O resultado é uma geração de resíduos sólidos, incluindo metais pesados, que precisam ser tratados. Como resultado, a polpa - a matéria-prima a ser reaproveitada como papel reciclado - é menos branca, com características inferiores de aparência, resistência e desempenho em relação ao papel branco.

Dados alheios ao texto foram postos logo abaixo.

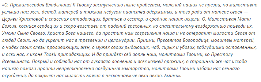 Вот так читаются слова молитвы об избавлении от пьянства:

Conta ainda a favor do papel branco produzido a partir de florestas plantadas o fato de as árvores capturarem mais gás carbono da atmosfera. No caso do reciclado, esse seqüestro já aconteceu.
Para Robinson Cannaval, da IP, a questão é escolher o papel conforme ao tipo de uso, evitando os excessos e desperdícios. "Se a empresa deseja imprimir um código de barras, é melhor optar por um papel branco porque se terá um maior contraste. Se for um reciclado, a empresa teria de pintar uma tarja branca para se obter o mesmo resultado. É um gasto a mais em tinta."
Isso é o que dá começar a adotar um modismo só para ser igual às outras empresas !
As empresas que começaram a substituir os papéis brancos pelos reciclados o fizeram sem nenhum tipo de análise, sem NENHUM CRITÉRIO - apenas e tão somente para entrarem na "moda" do reciclado.

Este é o grande problema com os modismos.....

O leitor mais atento deve lembrar-se da "bolha das empresas ponto.com".
Naquela época, eu lembro de ter escrito um artigo que, basicamente, questionava o fato de uma empresa totalmente virtual ter sido avaliada com um valor de mercado semelhante ao do Banco Banespa (naquela época, ainda não havia sido adquirido pelo Santander).

Havia, naquele momento, uma irracionalidade envolvendo as empresas "ponto.com".
Exatamente como temos, hoje, a mesma irracionalidade envolvendo a tal "sustentabilidade".
As empresas adotaram o discurso da sustentabilidade, mas sequer entendem o que isso significa.